Knodle

About

KNOwledge-Driven Ligand Extractor is a software library for the recognition of atomic types, their hybridization states and bond orders in the structures of small molecules. Its prediction model is based on nonlinear Support Vector Machines.

Method

The process of bond and atom properties perception is divided into several steps. At the beginning, only information about the coordinates and elements for each atom is available :

Connectivity is recognized.
A search of rings is performed to find the Smallest Set of Smallest Rings (SSSR).
Atomic hybridizations are predicted by the corresponding SVM model.
Bond orders are predicted by the corresponding SVM model.
Aromatic cycles are found.
Atomic types are set in obedience to the functional groups. Some bonds are reassigned during this stage.
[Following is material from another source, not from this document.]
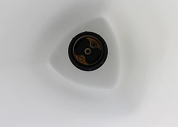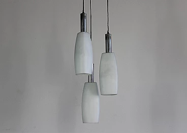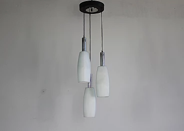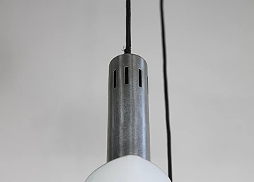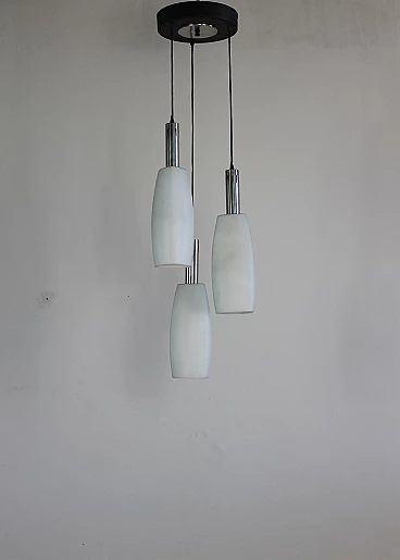 Lampadario o lampada a sospensione a tre elementi in vetro opalino con struttura in metallo smaltato e nichelato. Prodotto da Stilnovo negli anni Settanta. Stilnovo è stata un'importante azienda di illuminazione fondata da Bruno Gatta nel 1946. Stilnovo è una parte significativa della prima ondata di aziende di design italiane del dopoguerra, specializzate nella produzione di illuminazione innovativa e funzionale. Nel periodo di massima produttività, tra il 1950 e la fine degli anni '80, Stilnovo ha collaborato con alcuni dei più importanti designer italiani dopo Bruno Gatta, Danilo e Corrado Aroldi, Gaetano Sciolari, Alberto Fraser, Joe Colombo ed Ettore Sottsass. In un'epoca in cui l'idea di funzione si combinava con nuovi tipi di materiali per produrre forme spartane e nuove, fu un'epoca di sperimentazione, in cui il movimento del neorealismo si scontrava con la filosofia dell'organicismo e in cui gli architetti prendevano in prestito, sovvertivano e scartavano l'arte artigianale che per secoli era stata la forza creativa dominante in Italia. Spesso paragonato con favore ad Arteluce, che sotto la guida di Gino Sarfatti esplorò forme astratte e lineari, lo Stilnovo è noto per le sue linee organiche ben eseguite. La lampada da tavolo Periscope, progettata da Aroldi nel 1967, ne è un esempio. Esposta al New Domestic Landscape di New York nel 1968, le sue linee serpentiformi sono mitigate dalla finitura a smalto, creando un effetto allo stesso tempo sobrio e vivo.
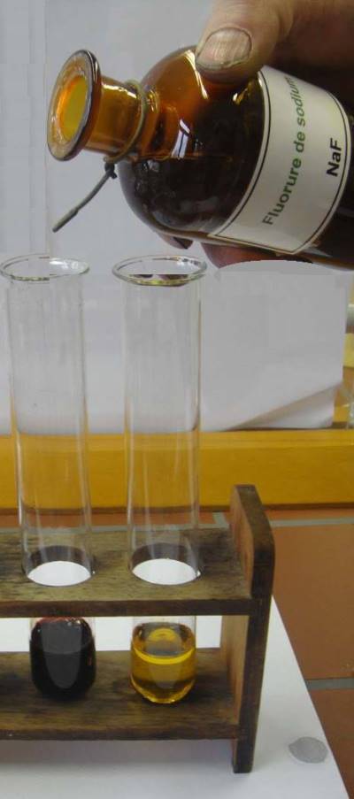 Now a solution of sodium fluoride is added (from left to right):

Figure 1: Schematic workflow of the Knodle algorithm.

Tables 1-2 list all the atomic descriptors that we use. For most of the atoms, the optimization cost function depends only on their local geometrical descriptors.

Table 1: Descriptors for the prediction of hybridization states. Each descriptor is applicable to one or more atom classification groups. An atom is assigned to a classification group according to the number of its heavy neighbors and its chemical element. Here, “con” stands for the “connectivity” parameter of an atom — the number of its heavy neighbors.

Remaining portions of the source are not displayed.